(Records from a dataset)
_ _ _
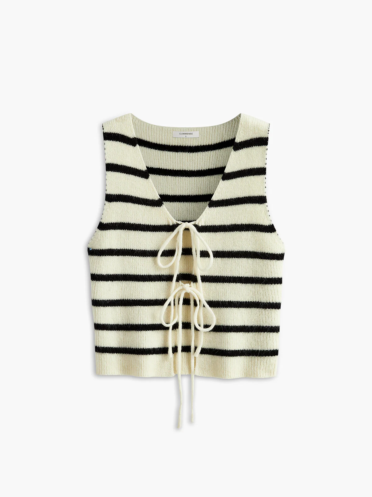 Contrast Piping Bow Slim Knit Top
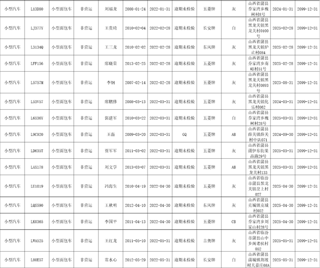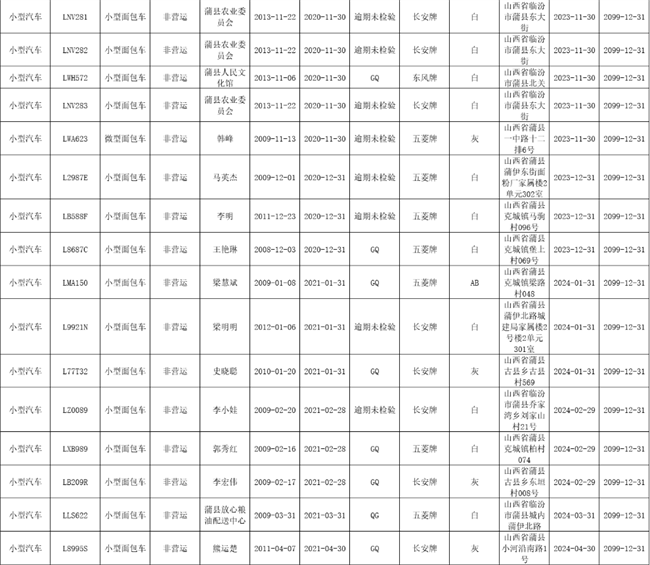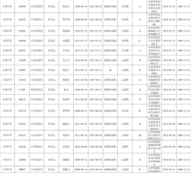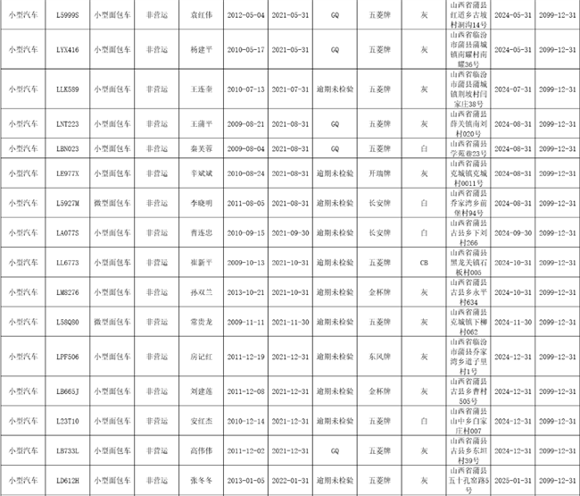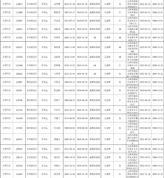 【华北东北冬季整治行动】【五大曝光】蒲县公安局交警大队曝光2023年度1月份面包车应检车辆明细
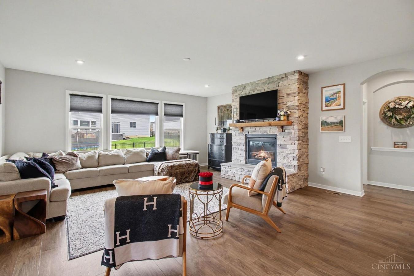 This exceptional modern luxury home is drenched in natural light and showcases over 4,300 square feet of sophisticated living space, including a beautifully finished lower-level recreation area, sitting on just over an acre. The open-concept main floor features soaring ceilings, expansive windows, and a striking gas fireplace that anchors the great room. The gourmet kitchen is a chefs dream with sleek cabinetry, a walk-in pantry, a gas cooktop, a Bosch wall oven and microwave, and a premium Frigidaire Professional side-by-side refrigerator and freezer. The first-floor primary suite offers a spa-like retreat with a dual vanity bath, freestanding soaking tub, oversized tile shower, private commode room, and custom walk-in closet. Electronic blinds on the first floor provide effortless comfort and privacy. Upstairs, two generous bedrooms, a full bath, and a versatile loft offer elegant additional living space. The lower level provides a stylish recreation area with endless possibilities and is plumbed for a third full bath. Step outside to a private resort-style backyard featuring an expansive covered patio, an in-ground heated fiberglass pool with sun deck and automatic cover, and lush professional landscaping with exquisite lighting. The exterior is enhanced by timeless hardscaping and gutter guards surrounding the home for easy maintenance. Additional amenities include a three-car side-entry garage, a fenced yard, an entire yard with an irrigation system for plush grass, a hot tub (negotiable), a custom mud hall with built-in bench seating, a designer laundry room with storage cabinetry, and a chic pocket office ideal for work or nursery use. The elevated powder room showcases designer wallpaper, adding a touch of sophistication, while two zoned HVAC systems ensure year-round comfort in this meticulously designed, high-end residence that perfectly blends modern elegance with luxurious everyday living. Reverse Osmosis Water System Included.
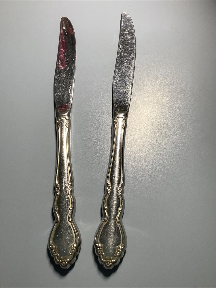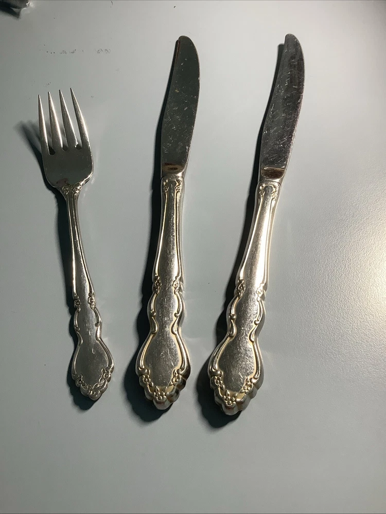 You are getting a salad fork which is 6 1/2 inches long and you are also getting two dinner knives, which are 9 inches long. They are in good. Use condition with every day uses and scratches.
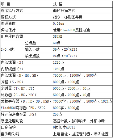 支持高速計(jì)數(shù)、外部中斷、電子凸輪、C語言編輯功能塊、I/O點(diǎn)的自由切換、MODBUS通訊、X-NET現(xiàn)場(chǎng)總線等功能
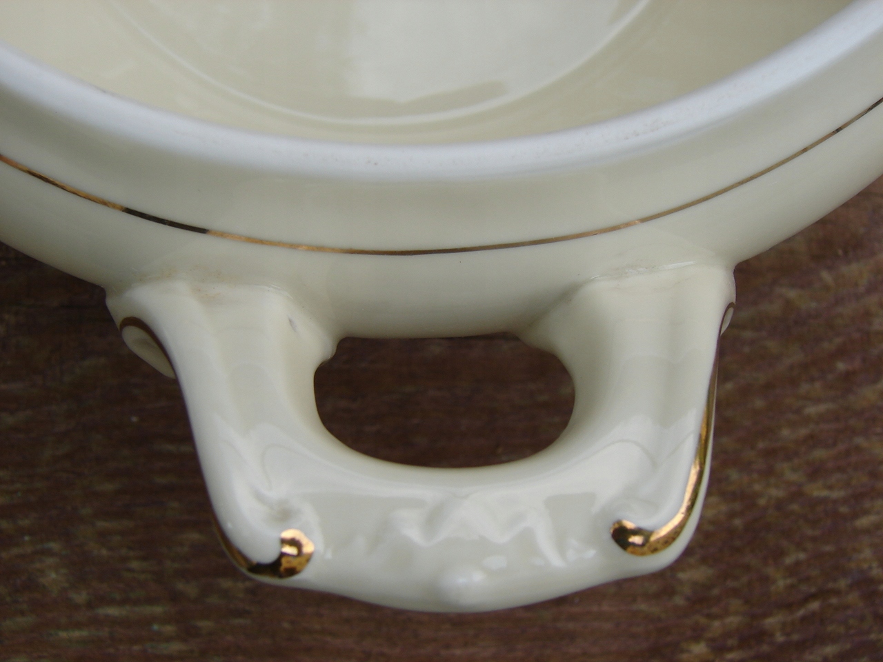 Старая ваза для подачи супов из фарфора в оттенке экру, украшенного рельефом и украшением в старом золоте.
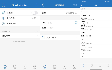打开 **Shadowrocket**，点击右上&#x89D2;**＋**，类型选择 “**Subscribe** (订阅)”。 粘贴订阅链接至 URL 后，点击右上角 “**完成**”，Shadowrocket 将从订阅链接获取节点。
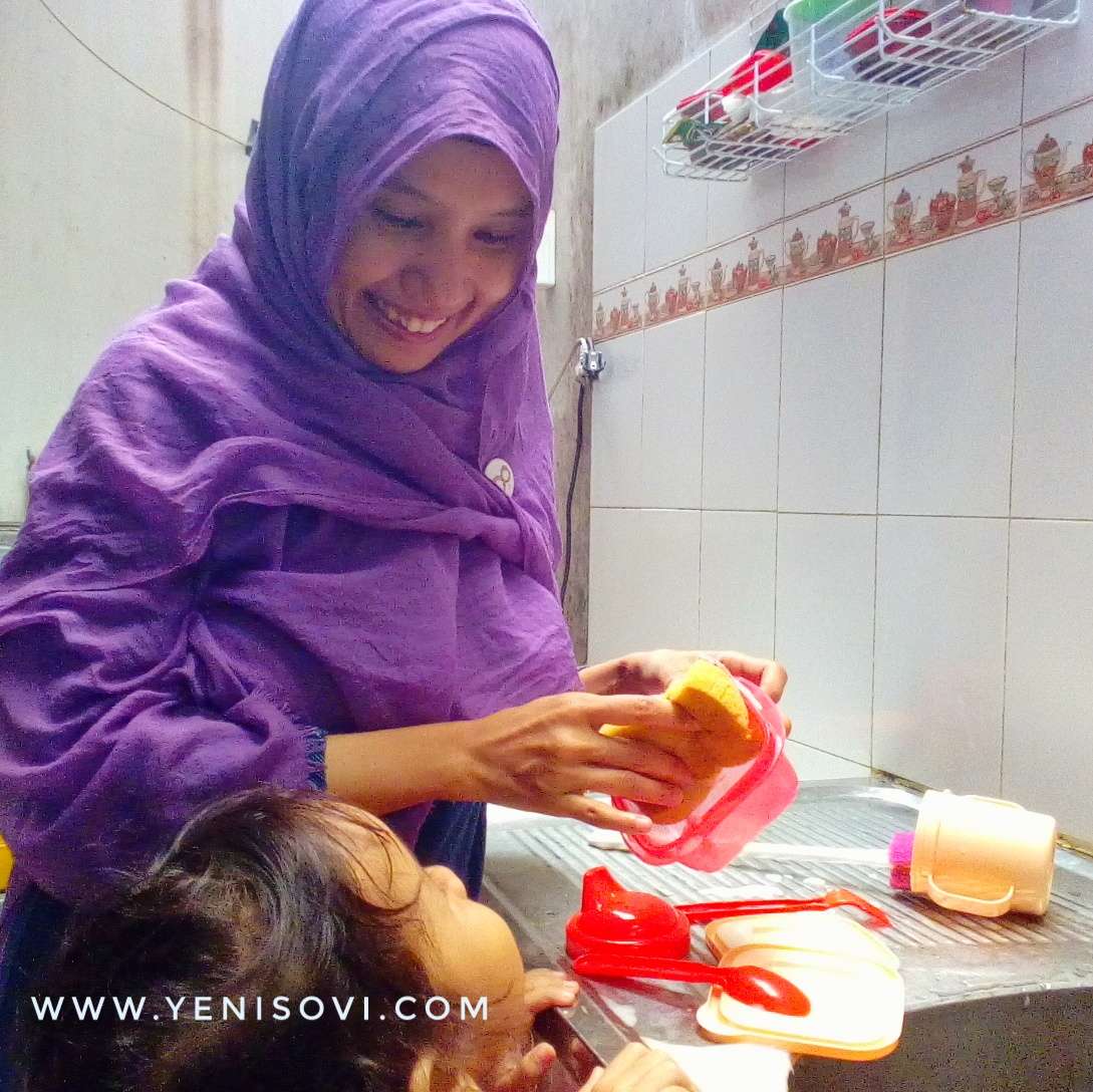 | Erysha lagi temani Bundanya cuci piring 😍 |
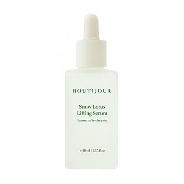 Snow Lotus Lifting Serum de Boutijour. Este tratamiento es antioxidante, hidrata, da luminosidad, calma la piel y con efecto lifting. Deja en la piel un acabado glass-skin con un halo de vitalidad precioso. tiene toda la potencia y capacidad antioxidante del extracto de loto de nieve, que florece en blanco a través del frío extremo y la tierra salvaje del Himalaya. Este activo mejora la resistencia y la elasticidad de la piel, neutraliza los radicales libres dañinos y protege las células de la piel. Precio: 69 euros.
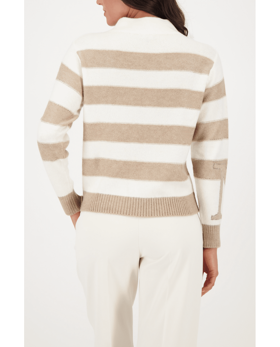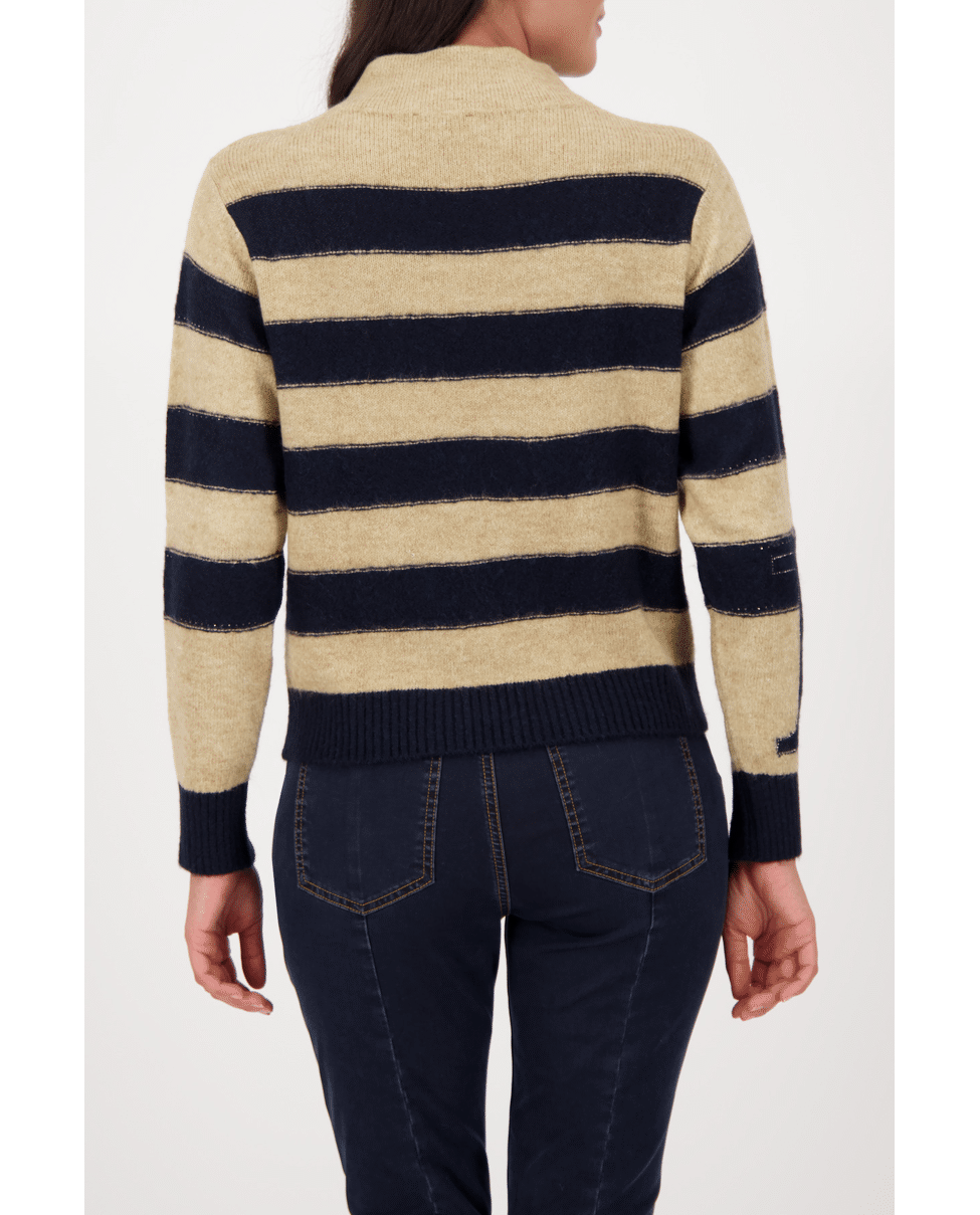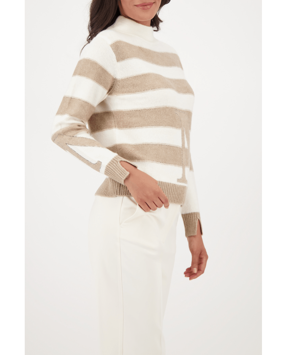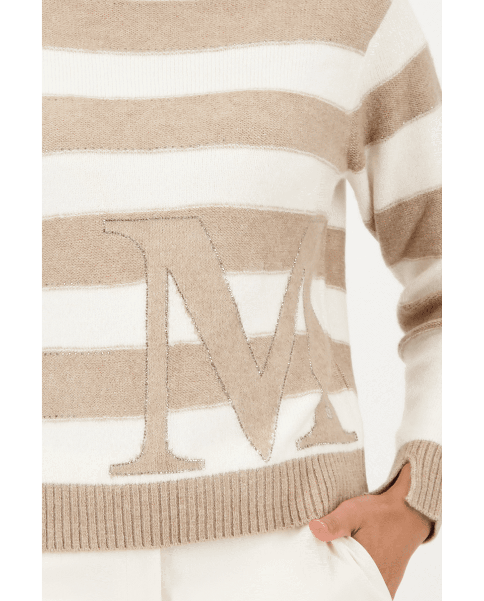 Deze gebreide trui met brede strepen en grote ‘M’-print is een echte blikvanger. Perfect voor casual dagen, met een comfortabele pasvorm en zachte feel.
_ _ _
Your instructions: All that is wanted is the lines above between the one containing "You are getting" and the one containing "cuci piring 😍 |", inclusive, restated word for word, with pictures omitted.

Exercise response:
 You are getting a salad fork which is 6 1/2 inches long and you are also getting two dinner knives, which are 9 inches long. They are in good. Use condition with every day uses and scratches.
 支持高速計(jì)數(shù)、外部中斷、電子凸輪、C語言編輯功能塊、I/O點(diǎn)的自由切換、MODBUS通訊、X-NET現(xiàn)場(chǎng)總線等功能
 Старая ваза для подачи супов из фарфора в оттенке экру, украшенного рельефом и украшением в старом золоте.
打开 **Shadowrocket**，点击右上&#x89D2;**＋**，类型选择 “**Subscribe** (订阅)”。 粘贴订阅链接至 URL 后，点击右上角 “**完成**”，Shadowrocket 将从订阅链接获取节点。
 | Erysha lagi temani Bundanya cuci piring 😍 |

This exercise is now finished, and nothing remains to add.